Cost-Benefit Analysis Should Be Part of All Government Policies (Health Care Included)
August 13, 2009
A few weeks ago, one of my co-workers brought back to me a pamphlet handed out at the annual NCSL conference from the Governors Highway Safety Association that had the headline “Toward Zero Deaths.” Of course, this sounds nice; but unless you are going to eliminate highways, there will never be zero deaths on highways. Furthermore, policies that attempt to lead us in that direction are not a free lunch. We could save a lot of lives tomorrow by reducing all speed limits to a maximum of 45 MPH. But that means it’s going to take you up to 30 percent longer to get from point A to point B. So implicitly, government is saying that the costs of X additional deaths on the highways due to the speed limits being above 45 MPH is less than the benefit of people being able to get from point A to point B faster. (That may sound like a cruel way to put it, but we face these kinds of tradeoffs everyday as individuals. For example, when I take D.C.’s metro train system to work, there is a risk I’m taking that I won’t make it there alive, but I am implicitly saying that my expected benefit of getting to work exceeds the expected costs, including the probability of death.)
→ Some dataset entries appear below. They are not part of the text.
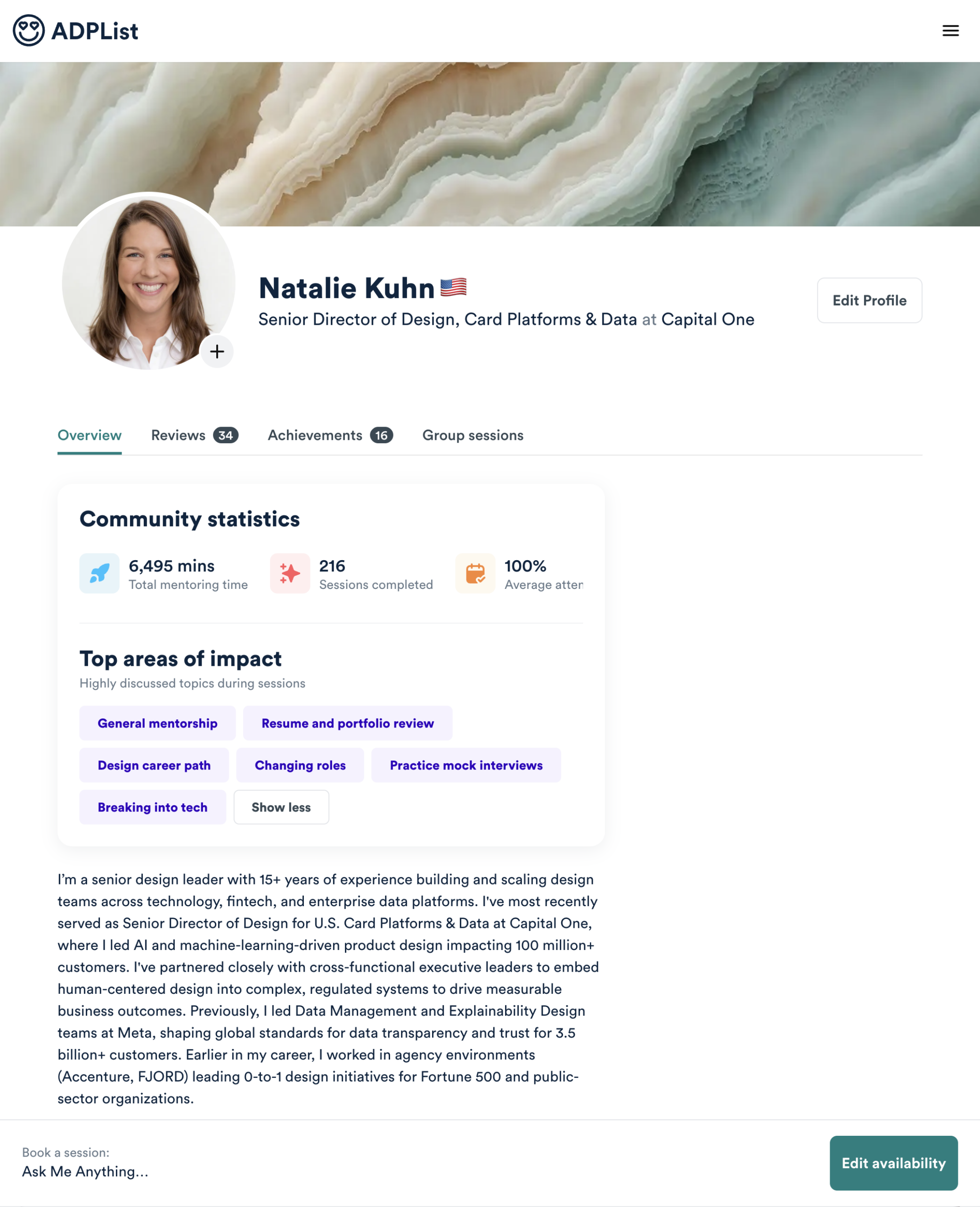 I’ve mentored on ADPList for the longest time so you can see a listing of mentee reviews and feedback. I have paid options for one-off and long term sessions here.
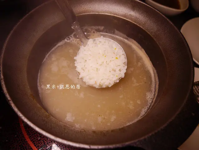 湯頭一直在大滾的狀態,讓米粒相互撞擊產生水解
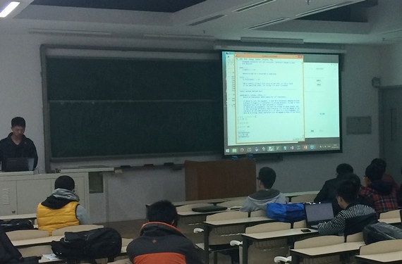 北航新闻网11月17日电(通讯员 王婧仪) 11月15日下午,计算机学院面向沙河校区全体本科生的“程序设计第二课堂”正式开课。来自计算机学院1306大班的王鹿鸣、何涛、郝泽锟三名同学,为前来听课的学生分别讲授了有关C语言、Python和网路技术的相关课程。
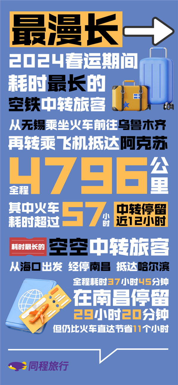 最漫长的旅途也是前往新疆。同程旅行平台上,一位旅行者从无锡乘坐火车前往乌鲁木齐,再转乘飞机抵达阿克苏,全程4796公里,耗时70小时10分钟,总共需要3天时间才能抵达目的地。其中火车耗时超过57小时,中转停留近12小时,是春运期间行程耗时最长的空铁联运旅客。国内旅途时间最长的空空中转旅客从海口出发,经停南昌,抵达哈尔滨,全程耗时37小时45分钟,其中在南昌停留29小时20分钟,但仍比火车直达节省11小时,还可以在路上品尝一下南昌米粉。
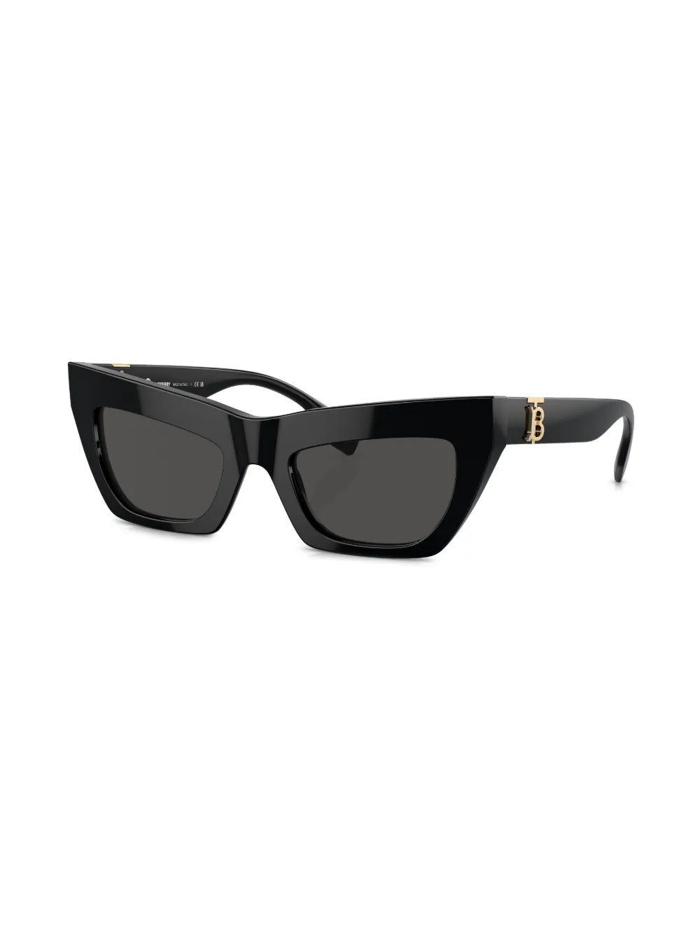 Золотистая фурнитура, декор в виде логотипа с монограммой TB, оправа «кошачий глаз», затемненные линзы, прямые дужки и прямые наконечники дужек. В комплект входит защитный чехол для очков.
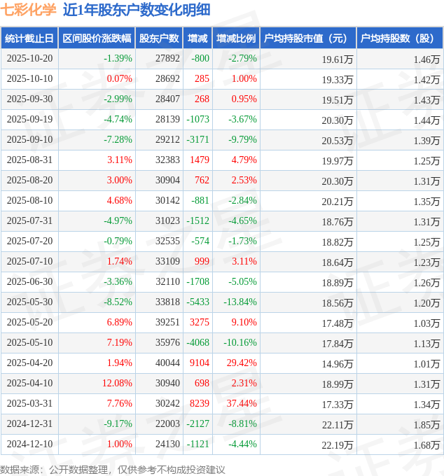 从股价来看,2025年10月10日至2025年10月20日,七彩化学区间跌幅为1.39%,在此期间股东户数减少800.0户,减幅为2.79%。
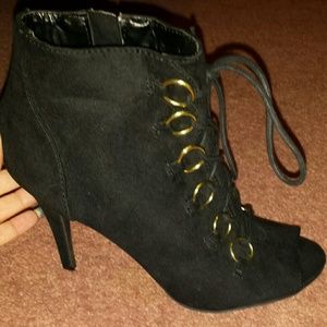 size 7. Candie's heels! open toe, black & gold. super cute, I wish they fit! Just need a wash down as they've been sitting in storage.
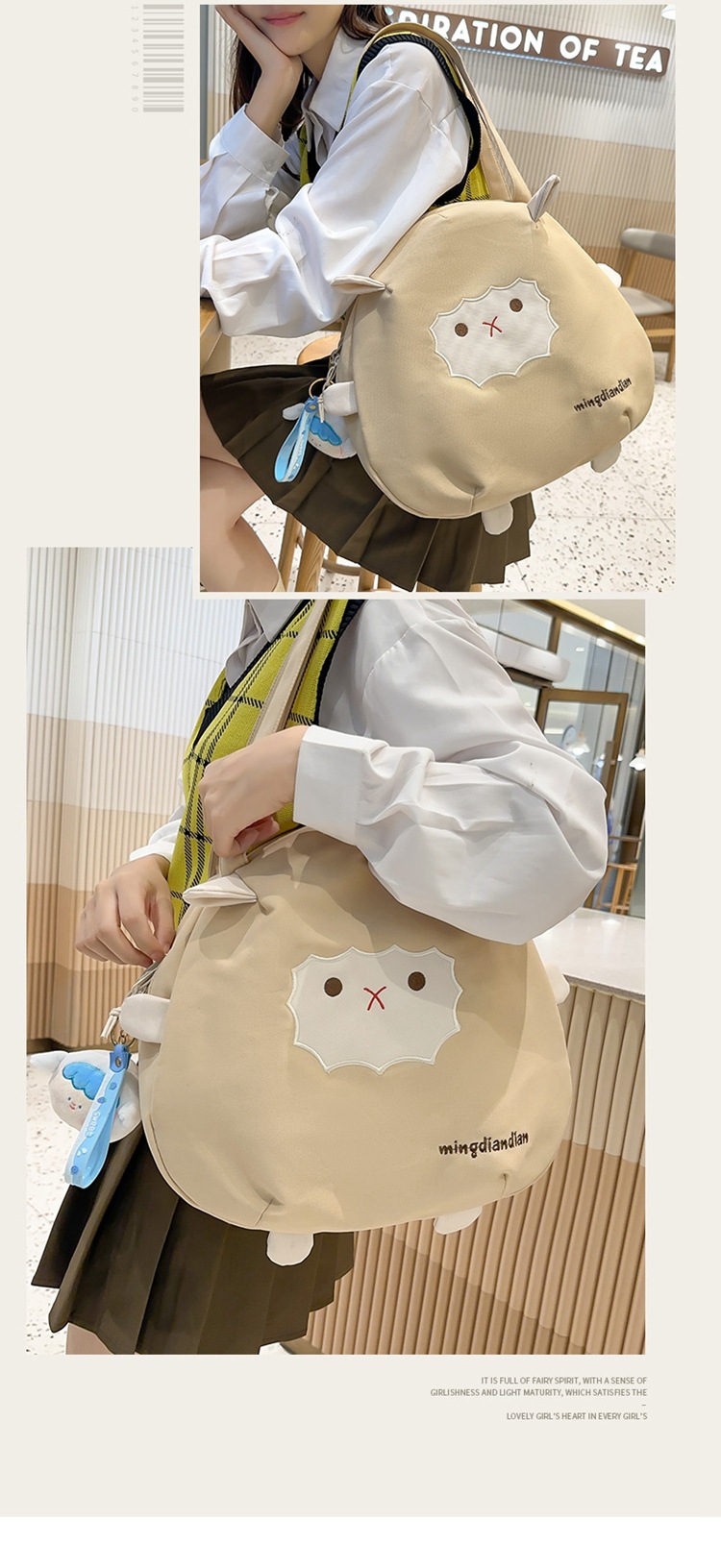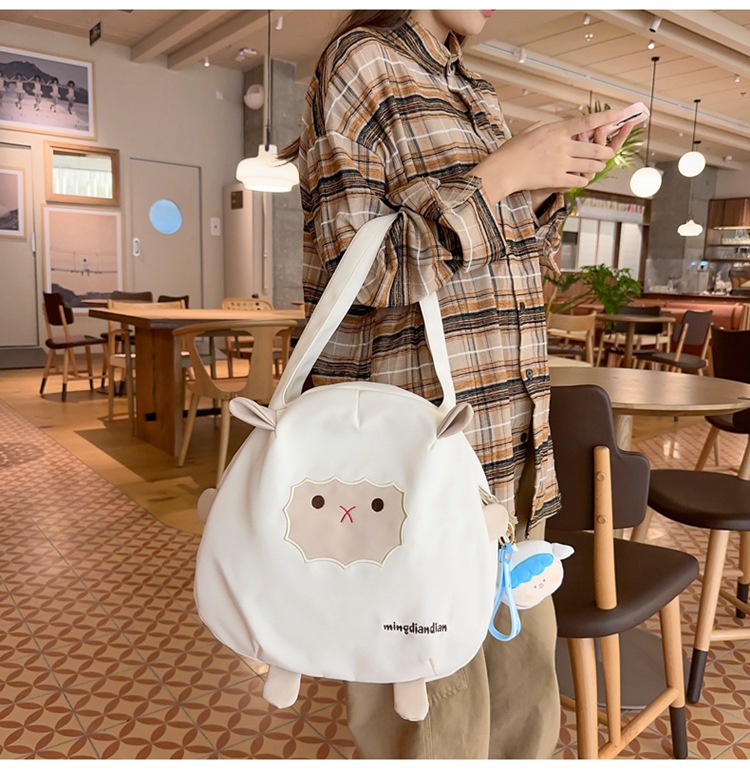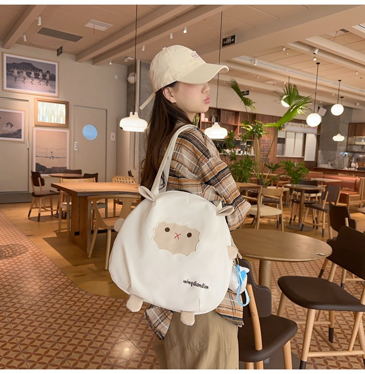 일본식 귀여운 양고기 숄더백 2023 새로운 부드러운 귀여운 소녀 토트백 학생 수업 핸드백 쇼핑백스토어 가기
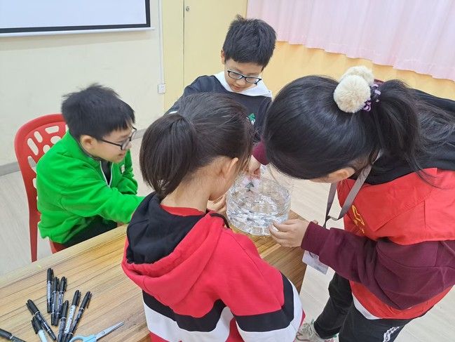 实验唤新知,科学启新程。在11月9日的科学实验主题活动中,志愿者们组织小朋友们进行“消失的颜色”趣味实验。引人入胜的实验科普视频吸引着所有小朋友的目光,瞬间激发起他们的好奇心与探索欲。紧接着,在志愿者的悉心指导下,小朋友们先是认真地在纸片上画上鲜艳的图案,用塑封膜将其封住,而后用黑色马克笔在塑封膜上描绘出图案的轮廓。塑封膜放入水中的那一刻,神奇的一幕发生了——色彩鲜艳的图案“消失”了。小朋友们不禁发出阵阵惊叹,迫不及待地想要知道科学原理,催促着志愿者们进行讲解。他们那一双双闪烁着光芒的眼睛,饱含着对知识的纯粹渴望。
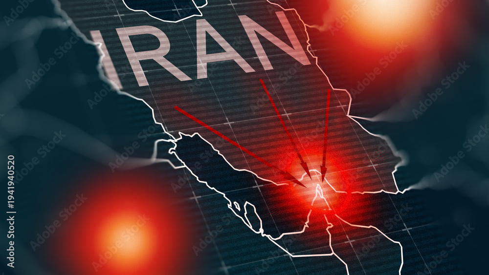 Zwierzęta - Conflict map highlighting tensions between Iran and the USA in the Middle East region #1941940520
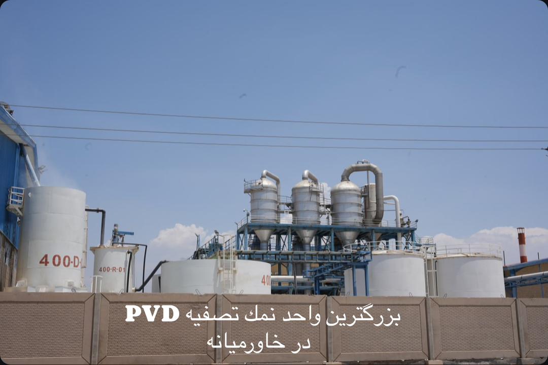 این خط تولید با بهرهگیری از روش PVD، نمک تصفیه با خلوص ۹۹/۸٪ با دانهبندی ۴۵۰-۲۵۰ میکرون تولید میکند.
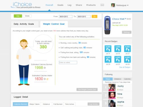 -. Feature : iChocie USB Pedometer with Steps,Distance,Fat,Calories and Web based App by iChoice
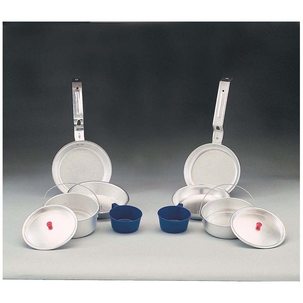 - Complete 5-piece set with frying pan, sauce pan, lid, plate, and plastic cup.
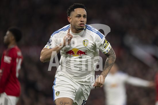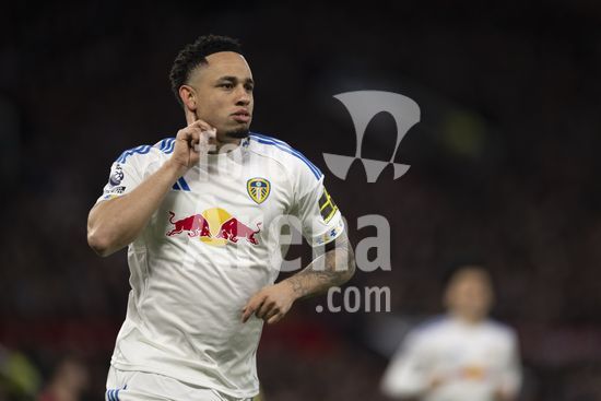 2924211 MANCHESTER, INGLATERRA - 13 DE ABRIL: Noah Okafor, do Leeds United, comemora apos marcar o segundo gol da equipe durante a partida da Premier League 2025/26 entre Manchester United e Leeds United, no Old Trafford, em Manchester, em 13 de abril de 2026. (Will Palmer/SPP)
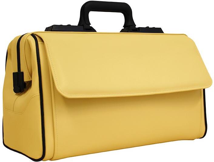 Dürasol Rusticana 7008 – Sárga bőr orvosi táska, nagy, 2 zsebes kivitelA Dürasol Rusticana 7008 a professzionális megjelenés és a funkcionalitás tökéletes kombinációja. Élénk sárga színével azonnal felismerhető, miközben a valódi bőr anyag garantálja a tartósságot és a hosszú élettartamot. A nagy, két zsebes belső kialakítás lehetővé teszi az orvosi eszközök, dokumentumok és műszerek átlátható rendszerezését, így minden szükséges felszerelés kéznél van, amikor szükség van rá. A táska stabil fém zárakkal és megerősített fogantyúval készült, amelyek biztosítják a biztonságos és kényelmes használatot. A belső tér praktikus elválasztókkal rendelkezik, így az eszközök rendezett módon helyezhetők el, a mosható bélés pedig higiénikus és könnyen tisztán tartható. A Dürasol Rusticana 7008 ideális választás minden egészségügyi szakember számára – legyen szó orvosokról, ápolókról, mentősökről vagy mobil rendelőkről. A sárga szín és a klasszikus Rusticana dizájn nemcsak stílusos, hanem a gyors azonosíthatóságot is segíti, így minden helyzetben praktikus és funkcionális megoldást nyújt. Főbb jellemzők:
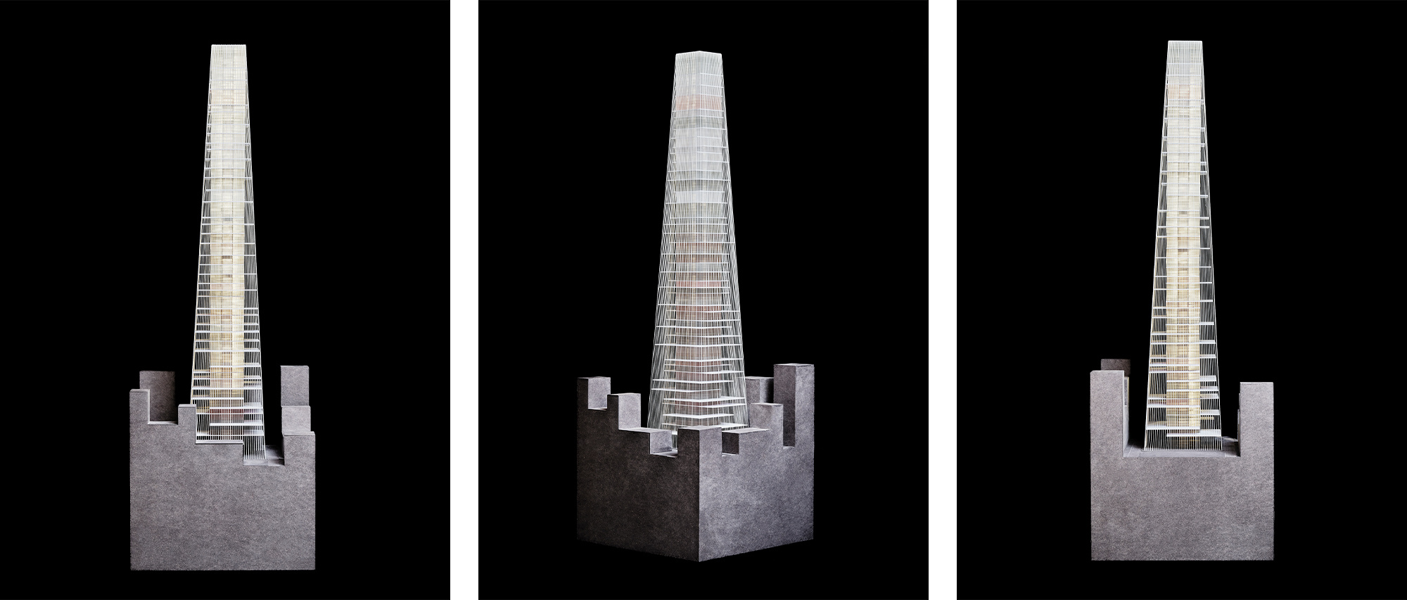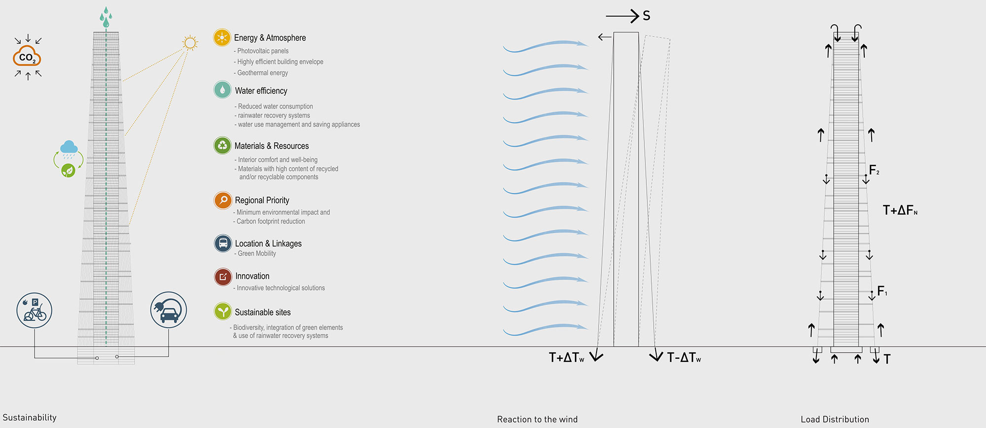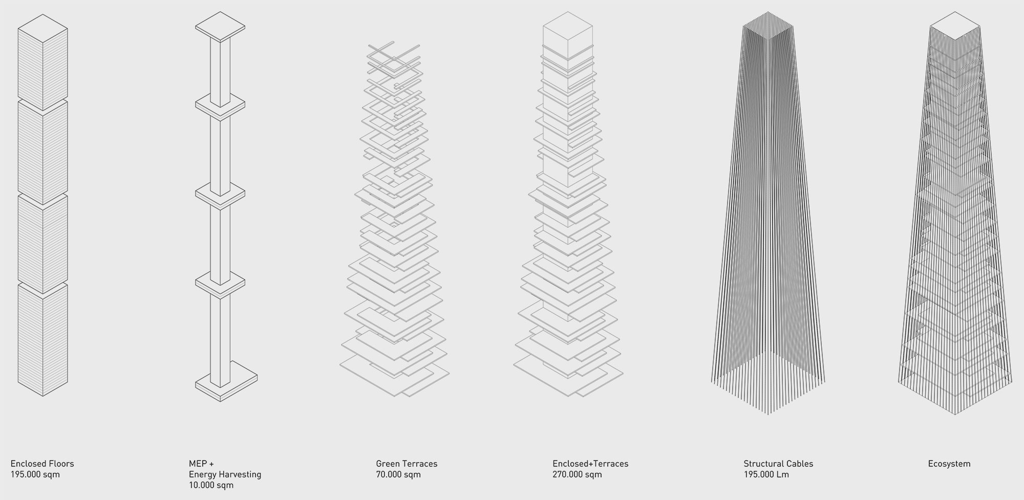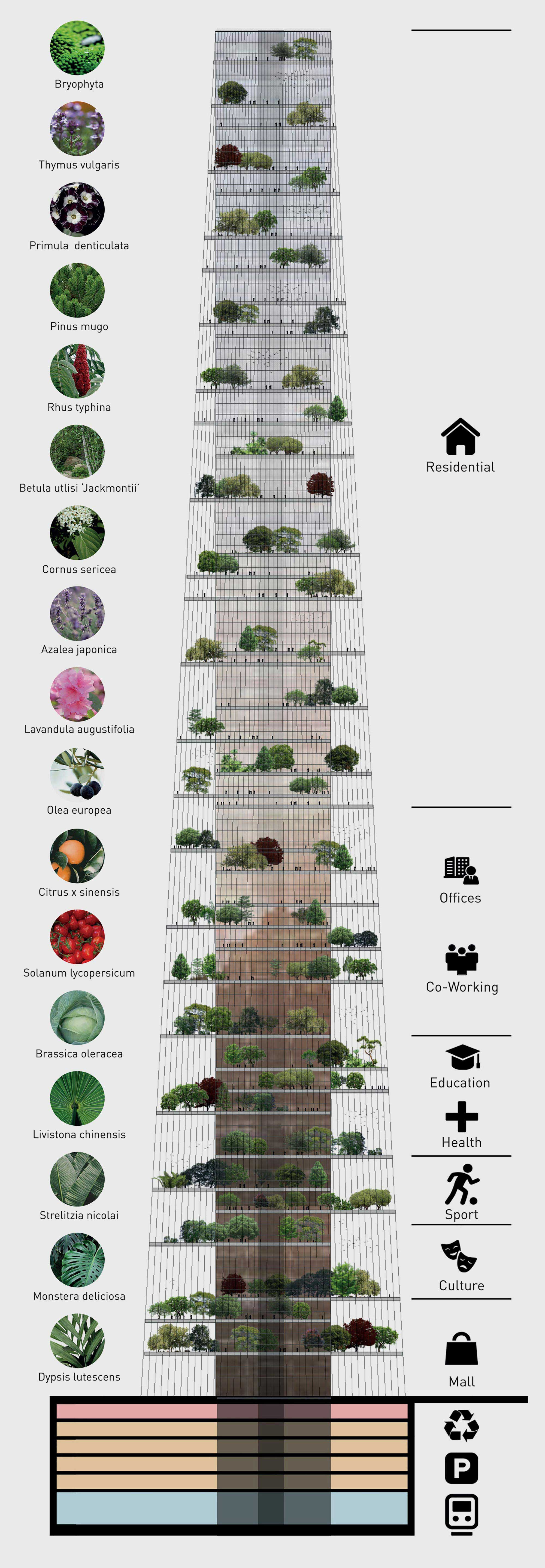 Starting from an urban lot measuring 80m x 130m, the skyscraper develops from the central nucleus that houses the primary functions and which is surrounded by large hanging gardens supported by an external curtain of steel cables that have both a structural and an aesthetic function. The equilibrium between the external and internal spaces gives life to a sort of self-sufficient garden-city.

I only bring this up now because the issue of end-of-life health care is in the news. And many critics of the House health care bill are obsessing over possible rationing of end-of-life health care for America’s seniors. But what they fail to realize is that, like all policies, there is no free lunch. Like the speed limit example above, resources that are directed by government to extend the lives of seniors must come from somewhere. That means higher taxes and higher health care costs for others due to the higher demand for health care inputs. And while government is currently not in the position of making explicit case-by-case choices on end-of-life care for seniors, due to the fact that government doesn’t force 100 percent of resources in our economy to be used for the purposes of extending the lives of seniors, government is already implicitly “allowing seniors to die” earlier than could be the case if all resources were directed to extending life.
Under a purely private health care system, the government wouldn’t be involved in this decision; and you may say that’s good. But individuals would have to make those decisions on end-of-life care. And that would mean allocating via the price system (i.e. the free market), which you can call rationing under a broad definition of the term. Under either scenario, end-of-life care has its limits. So even under the current Medicare system, if government “cut grandma off” in certain situations in order to save money, government in the aggregate would still likely be redirecting more resources to end-of-life care than a purely private market would, all else equal.
(Note: This is not a personal endorsement of the policies in either the House or Senate health care bills, but critics should use sound economic analysis, not scare tactics in making their case against these health care reform bills.)